Au coeur de son message mercredi, la valeur travail : "je propose à la majorité présidentielle le choix suivant : politique sociale, le travail, politique éducative, le travail, politique économique, le travail, politique fiscale, le travail, politique de concurrence, le travail, politique commerciale, le travail, politique de l'immigration, le travail, politique monétaire, politique budgétaire, le travail", a-t-il dit. ". "Je vous propose de faire comme politique celle du travail", a-t-il insisté.
"TVA sociale expérimentée"
Ponctuant son allocution une trentaine de fois de la même formule, "je prendrai mes responsabilités", Nicolas Sarkozy a délivré un message très volontariste à sa majorité et fixé un objectif central : redonner aux Français "le goût de l'effort, du travail et de la réussite". Il a affirmé que la TVA sociale sera "expérimentée" et que si elle est "réussie", elle sera généralisée. "S'abstenir sur la TVA sociale et regarder passer le train des délocalisations serait non seulement une faute économique mais une faute morale et une faute politique", a-t-il dit.

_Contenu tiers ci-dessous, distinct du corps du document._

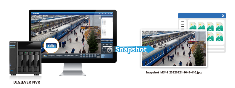 Instant playback allows users to quickly check what happened earlier while simultaneously viewing live videos on liveview page (Up to 15 minutes earlier). Users can simultaneously check previous videos and monitor live-view, by moving the window to desired position. After finding the key moment of event, users can take a snapshot or export a 5 minutes video to external USB device.

Un problème du pouvoir d'achat
"Mes responsabilités, je veux les prendre sur un mot qui était devenu tabou, et que je vais remettre avec le Premier ministre au premier plan du débat politique, le mot +pouvoir d'achat+". "Il y a en France un problème de pouvoir d'achat, nier que ce problème existe, c'est se moquer des Français, c'est mépriser ceux qui travaillent et ont tant de mal à s'en sortir", a-t-i expliqué. Remettre le travail au goût du jour, c'est également pour le chef de l'Etat en finir "avec les préretraites". Poursuivant la même logique, il a affirmé "qu'il n'y aura pas de coup de pouce au smic parce qu'il aurait un effet négatif sur l'emploi des moins qualifiés", a-t-il déclaré.
"Je n'ai pas peur"
"Je prendrai mes responsabilités", "Je ferme la porte au reniement", "Je ne renierai pas mes engagements et je ne laisserai personne les renier" : Nicolas Sarkozy a voulu bien faire comprendre à sa majorité qu'il entendait appliquer sa feuille de route sans relâche. "Je n'ai pas peur", leur a-t-il lancé, une façon de leur dire de na pas avoir peu non plus.
Revenant sur la composition du nouveau gouvernement Fillon, le chef de l'Etat a indiqué qu'il voulait être "le président de tous les Français". "Si j'ai été chercher des personnalités si différentes pour le gouvernement de la France, qui est un gouvernement de rupture, c'est parce que je ne supportais plus cette idée que la France à la base soit diverse et que la France au sommet ne porte pas cette diversité", a-t-il expliqué. "On ne fait pas des grandes réformes avec une petite équipe", a ajouté Nicolas Sarkozy.
Le chef de l'Etat s'adressera également aux Français lors du journal de 20h de TF1 (en direct live sur LCI). Ces deux interventions doivent permettre à Nicolas Sarkozy de faire le bilan des législatives et d'expliquer la composition de son gouvernement, nommé mardi.